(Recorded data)
★ ★ ★ ★
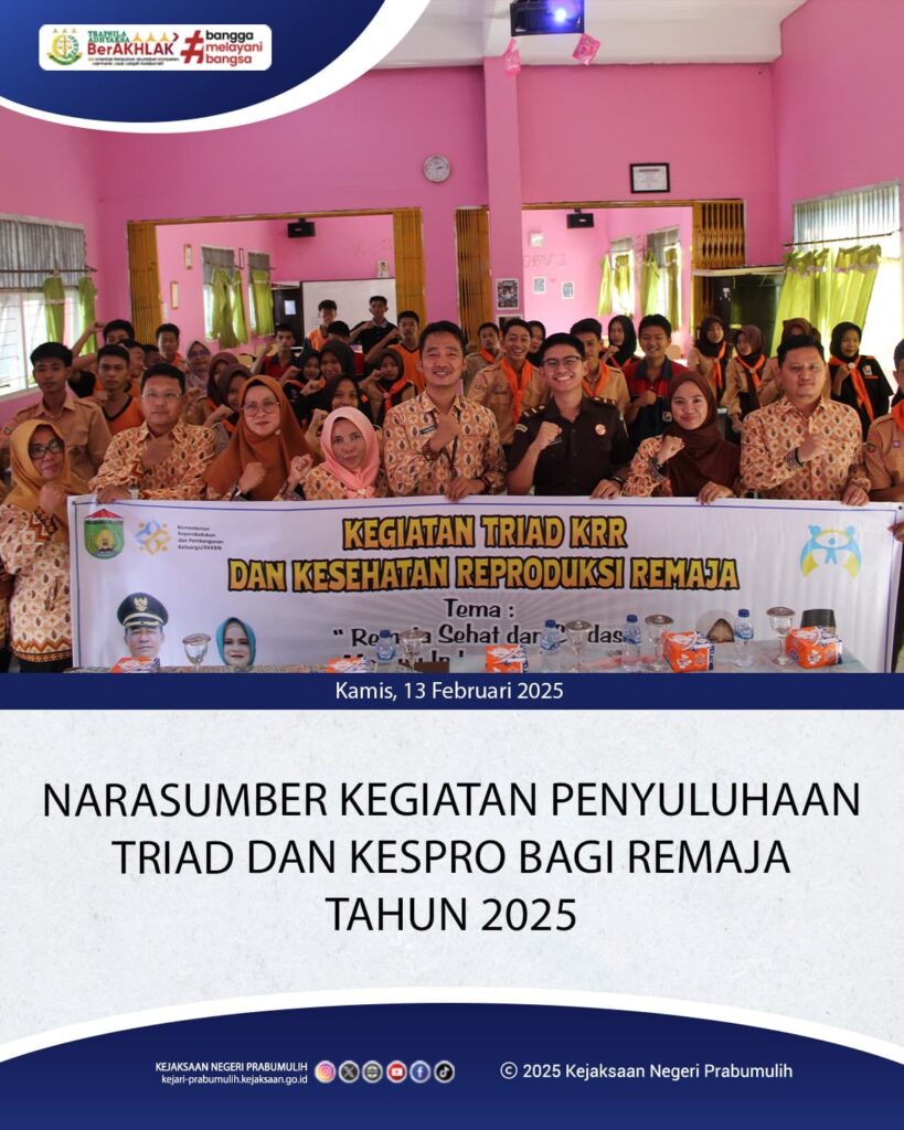 Bertempat di SMK Pratiwi Kota Prabumulih, Jaksa Fungsional pada Bidang Intelijen Bapak Hendro HS, S.H menjadi Narasumber pada Kegiatan Orientasi/Pelatihan Teknis Pelaksana/Kader Ketahanan dan Kesejahteraan Keluarga (BKB,BKR,BKL,PPKS,PIK-R dan UPPKA) tentang Penyuluhan TRIAD dan Kesehatan Reproduksi bagi Remaja Tahun 2025.
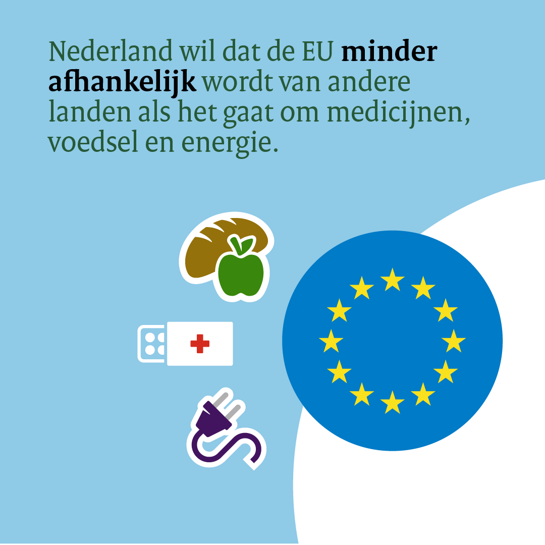 - minder afhankelijk zijn van andere landen. Bijvoorbeeld als het gaat om medicijnen, voedsel, grondstoffen en energie moet de EU meer op eigen benen staan.
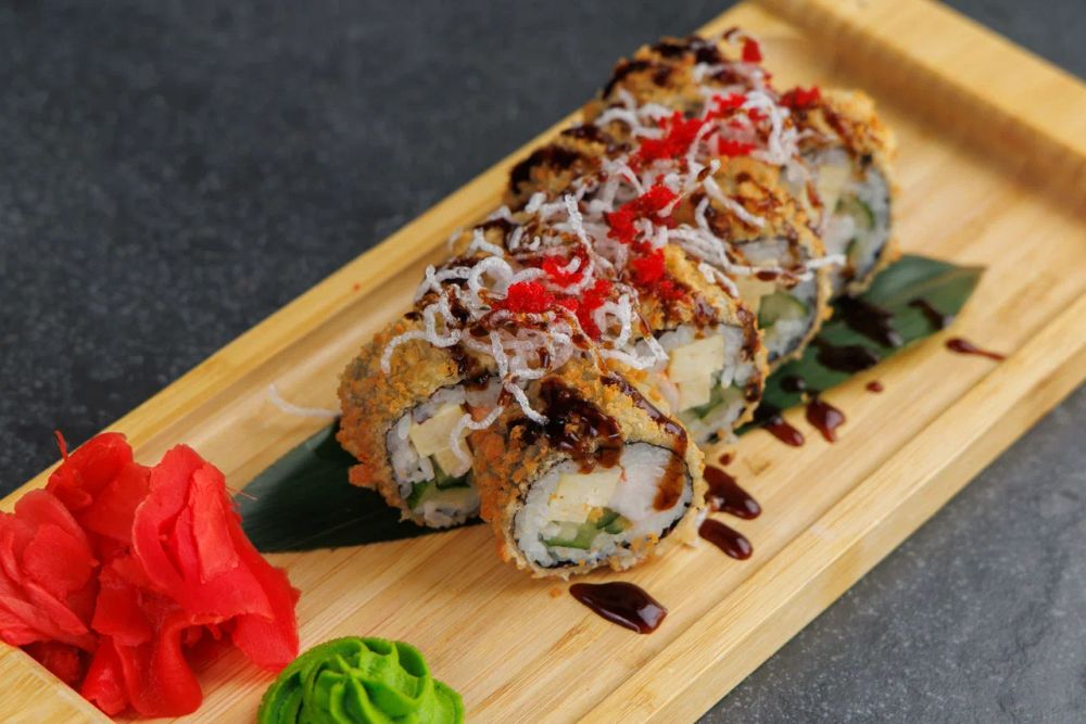 {Жареный ролл в темпурном кляре с креветками} с доставкой в Симферополе
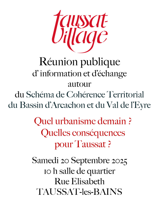 Les perspectives du projet de SCoT suscitent bien des interrogations. Aussi Taussat-Village, souhaite construire sa propre analyse des quelques 1600 pages du document. Elle en proposera vraisemblablement au printemps une « lecture » des incidences, y compris locales.
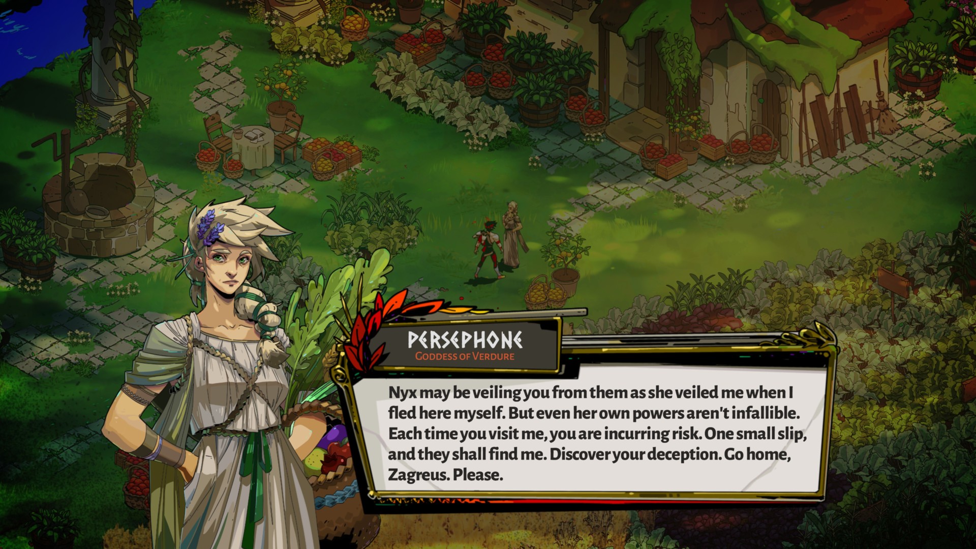 Persephone’s story will be slowly unveiled starting with her flight from Tartarus and the machinations of the Olympians. Zagreus can’t stay in the mortal realm for too long, so you have to do additional clears to learn more.
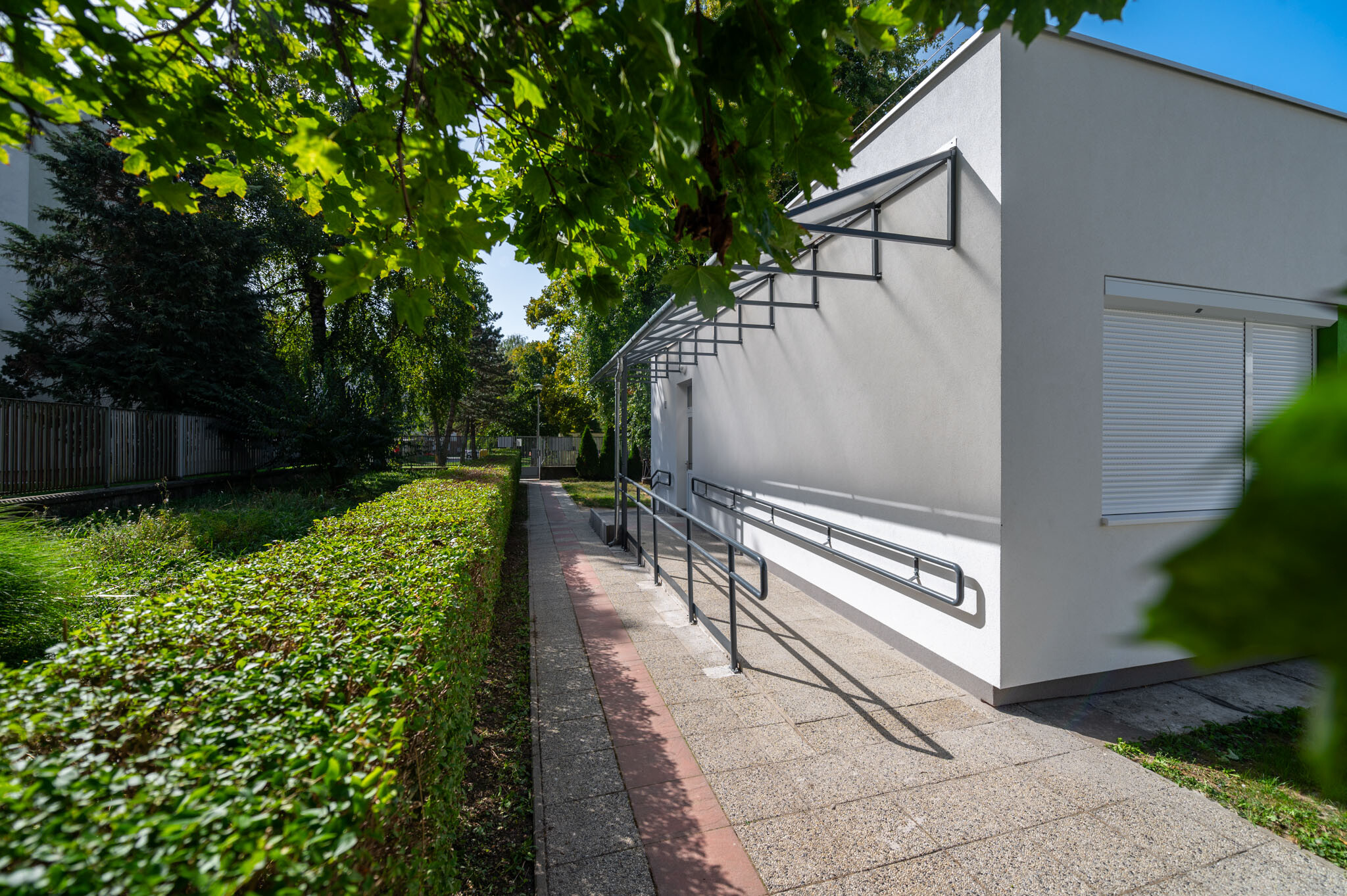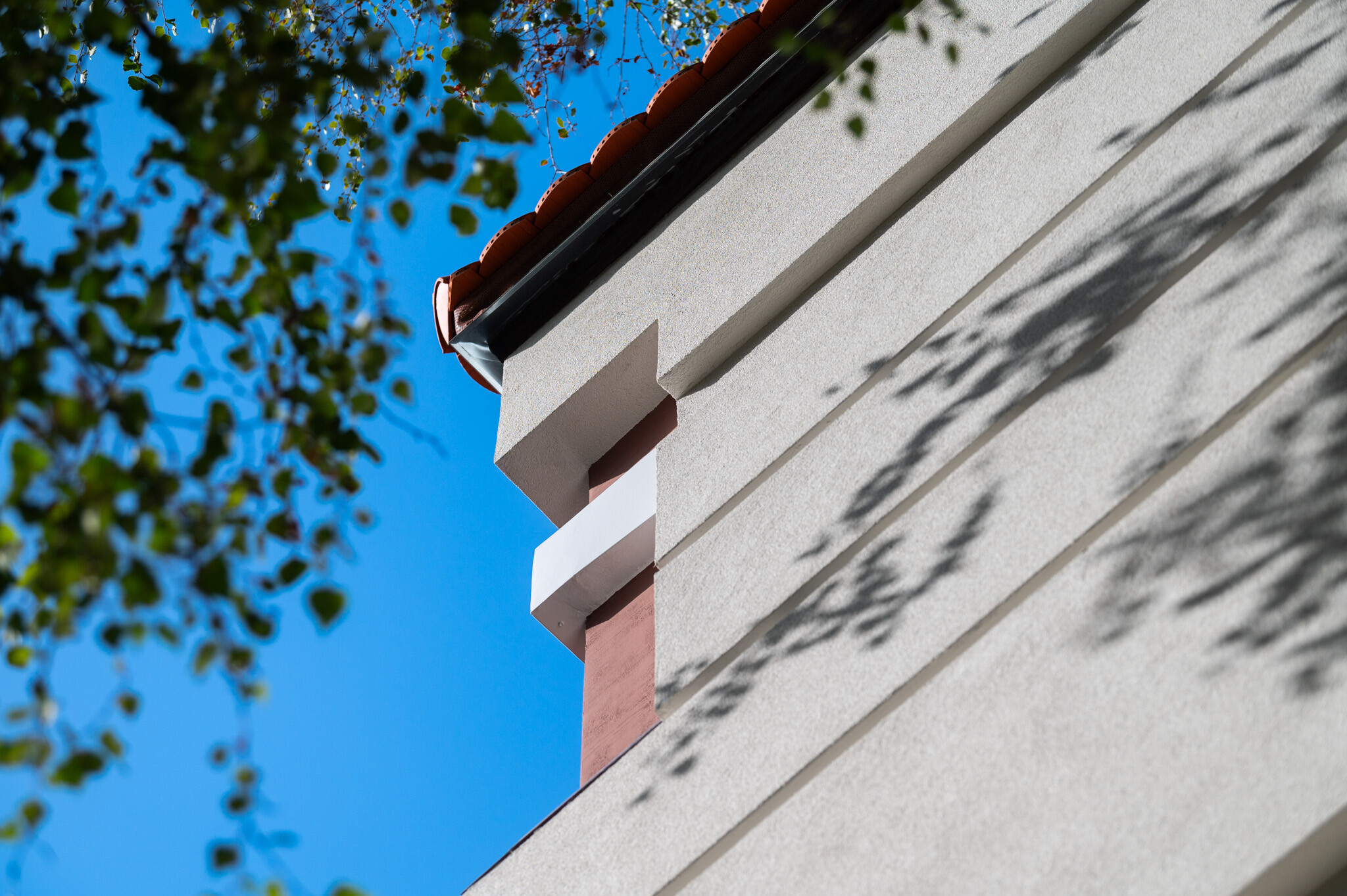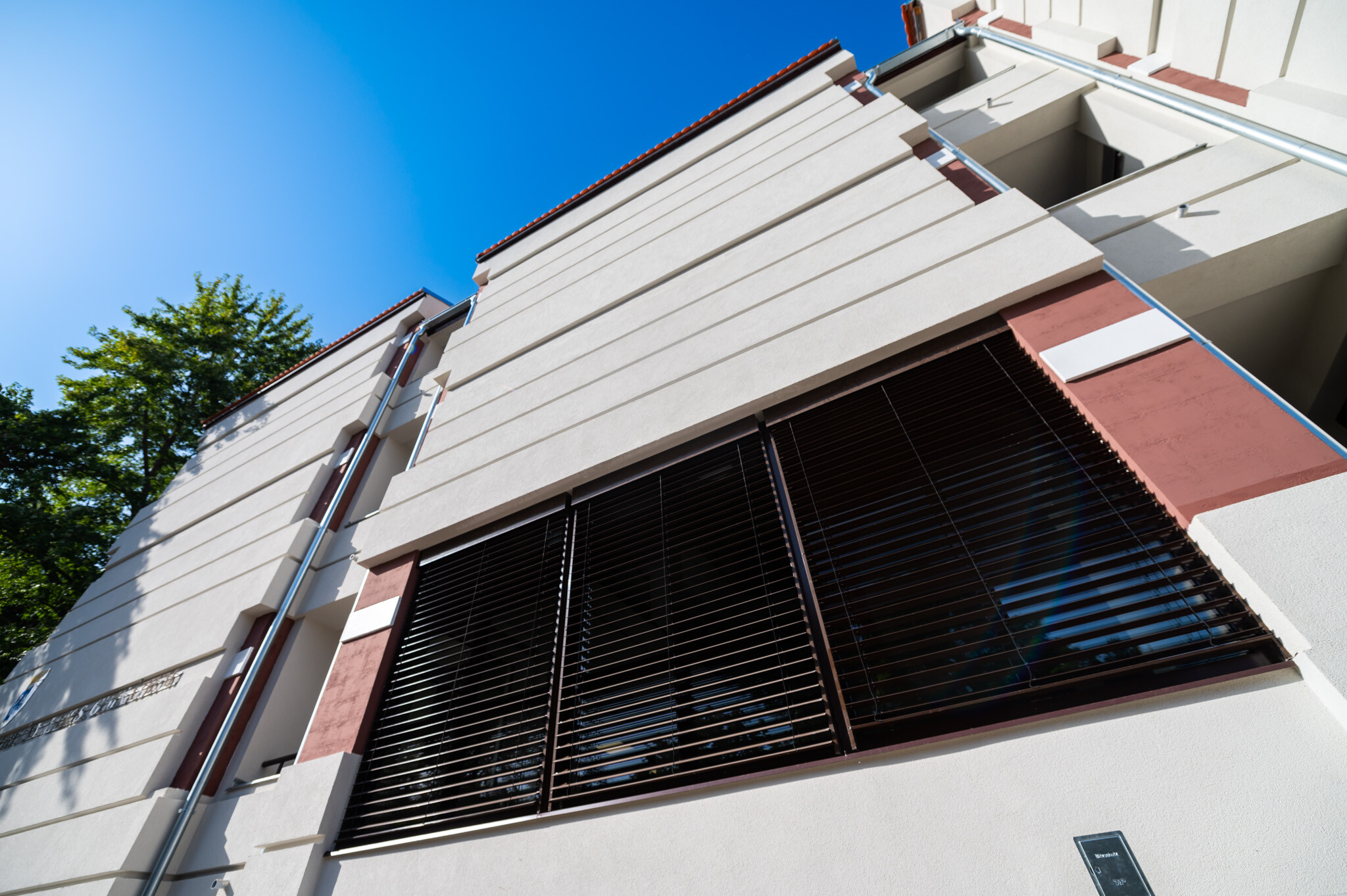 „bár a homlokzati nyílászárók műanyag szerkezetűek, kívülről alumíniumboritást kaptak, valamint az épület árnyékolását is alumínium lamellázat beépítésével oldottuk meg, ami nemcsak nagyon jó minőségű, de elegánsabbá is teszi a házat.”
★ ★ ★ ★
WHAT THE EXERCISE ASKS ▸
Copy each entry exactly as written. Images should not appear in the copy.

TASK SOLUTION ▸
 Bertempat di SMK Pratiwi Kota Prabumulih, Jaksa Fungsional pada Bidang Intelijen Bapak Hendro HS, S.H menjadi Narasumber pada Kegiatan Orientasi/Pelatihan Teknis Pelaksana/Kader Ketahanan dan Kesejahteraan Keluarga (BKB,BKR,BKL,PPKS,PIK-R dan UPPKA) tentang Penyuluhan TRIAD dan Kesehatan Reproduksi bagi Remaja Tahun 2025.
 - minder afhankelijk zijn van andere landen. Bijvoorbeeld als het gaat om medicijnen, voedsel, grondstoffen en energie moet de EU meer op eigen benen staan.
 {Жареный ролл в темпурном кляре с креветками} с доставкой в Симферополе
 Les perspectives du projet de SCoT suscitent bien des interrogations. Aussi Taussat-Village, souhaite construire sa propre analyse des quelques 1600 pages du document. Elle en proposera vraisemblablement au printemps une « lecture » des incidences, y compris locales.
 Persephone’s story will be slowly unveiled starting with her flight from Tartarus and the machinations of the Olympians. Zagreus can’t stay in the mortal realm for too long, so you have to do additional clears to learn more.
 „bár a homlokzati nyílászárók műanyag szerkezetűek, kívülről alumíniumboritást kaptak, valamint az épület árnyékolását is alumínium lamellázat beépítésével oldottuk meg, ami nemcsak nagyon jó minőségű, de elegánsabbá is teszi a házat.”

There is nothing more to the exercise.